Quantitative trait loci for resistance to Sclerotinia sclerotiorum and its association with a homeologous non-reciprocal transposition in Brassica napus L.

Sclerotinia stem rot, caused by fungus Sclerotinia sclerotiorum, is one of the most devastating diseases in rapeseed (Brassica napus L.). We report the identification of Quantitative trait loci (QTL) involved in the resistance to S. sclerotiorum in two segregating populations of DH lines: the HUA population, derived from a cross between a partially resistant Chinese winter line (Hua dbl2) and a susceptible European spring line (P1804); and the MS population, derived from a partially resistant French winter cultivar (Major) and a susceptible Canadian spring cultivar (Stellar). A petiole inoculation technique and two scoring methods, days to wilt (DW) and stem lesion length (SLL), were used for the resistance assessment. A total of eight genomic regions affecting resistance were detected in the HUA population, with four of these regions affecting both measures of resistance. Only one region, which affected both measurements, was detected in the MS population. Individual QTL explained 6–22% of the variance. At five of the QTL from both populations, alleles from the resistant parent contributed to the resistance. QTL on N2 from the HUA population had the highest LOD score and R2 value and was detected for SLL in the first evaluation. The N12 resistance allele in Hua dbl2 was detected in a region containing a homeologous non-reciprocal transposition (HNRT) from the resistance-containing portion of N2. This result suggests that QTL in the N12.N2 HNRT enhanced the resistance of Hua dbl2 by increasing the dosage of resistance genes. The relationship of QTL from different genetic backgrounds and their associations with other agronomic traits are discussed.

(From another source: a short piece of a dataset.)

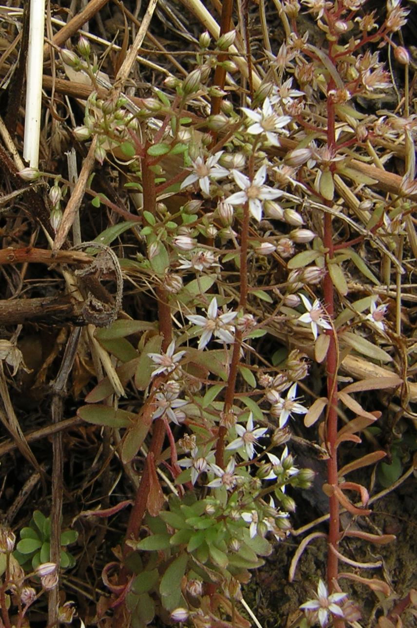 Sedum cepaea Angers, France Source : [1]
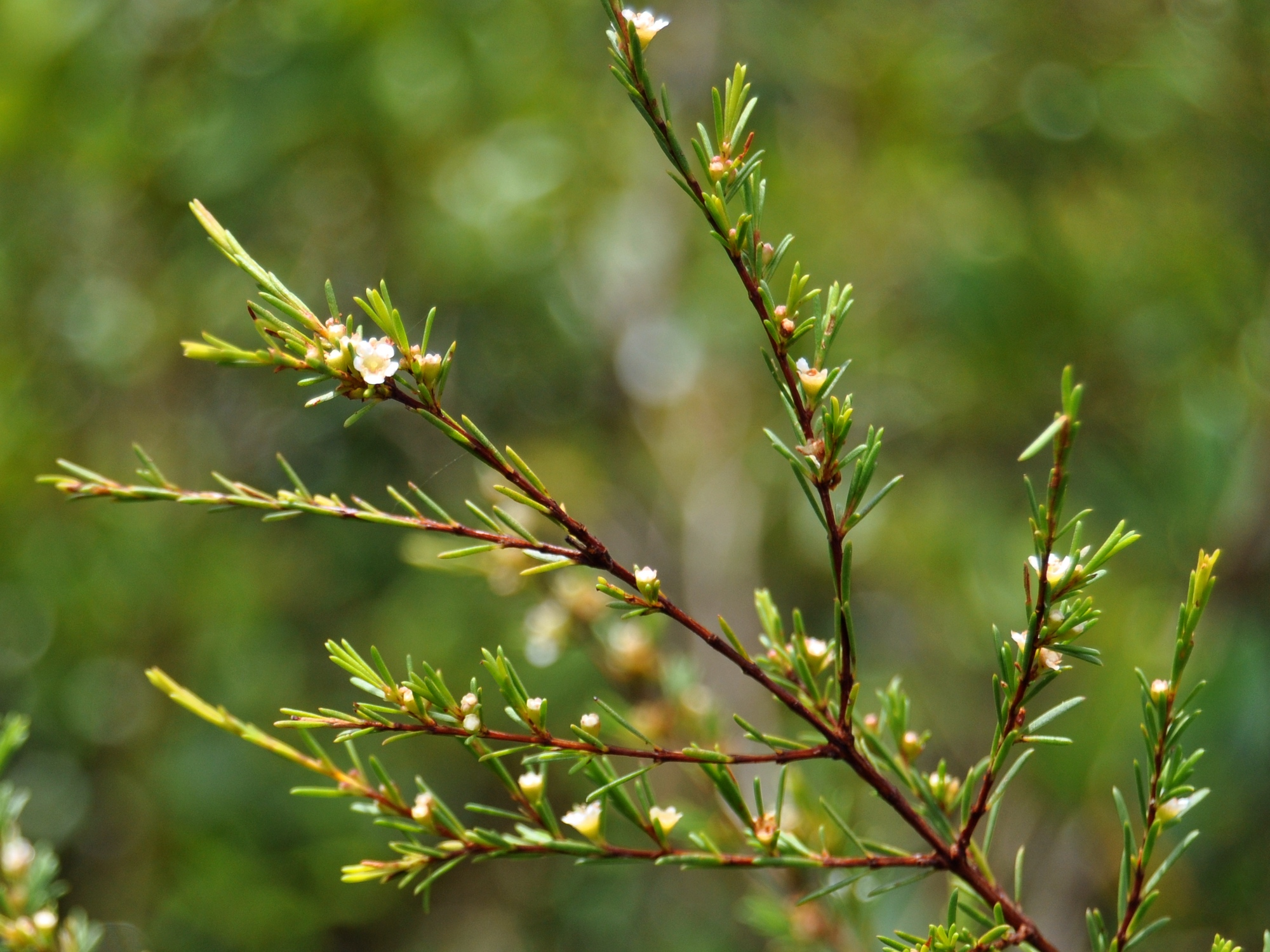 Baeckea frutescens flos et folii. From Belitong, South Sumatra, Indonesia.

Confirmation of QTL controlling seed yield in spring canola (Brassica napus L.) hybrids

Allelic effects observed in QTL discovery experiments must be confirmed to be useful in subsequent breeding efforts. Two QTL affecting seed yield of spring hybrid canola (Brassica napus L.) were previously identified in two populations of inbred backcross lines (IBLs) containing germplasm introgressed from a winter cultivar. The effects of favorable alleles at these QTL were retested by crossing two selected IBLs (M5 and M31) to three spring canola lines having different genetic backgrounds. Doubled haploid (DH) lines derived from each F1 were genotyped with RFLP markers flanking the QTL and grouped into the four possible QTL genotypes. For the first field experiment, DH lines derived by crossing the M5 line to one spring line were crossed to two female testers and evaluated as individual testcross progenies in one environment. QTL genotypes had large variances and were not significantly different. A second field experiment was conducted using the DH lines from the first experiment and two other sets of DH lines derived from the M31 line crossed to two different spring canola lines. Individual lines within each QTL genotype of each set were bulked and crossed to the same testers used in Experiment 1. Bulked hybrid seeds of each QTL genotype were planted in a split-split plot randomized block design and 12 replicates. QTL genotypes had smaller variances in this experiment, and the effects of one QTL were confirmed in some genetic backgrounds. These results suggest that bulking of QTL genotypes and use of an appropriate experimental design with many replicates are needed to detect small differences between QTL genotypes.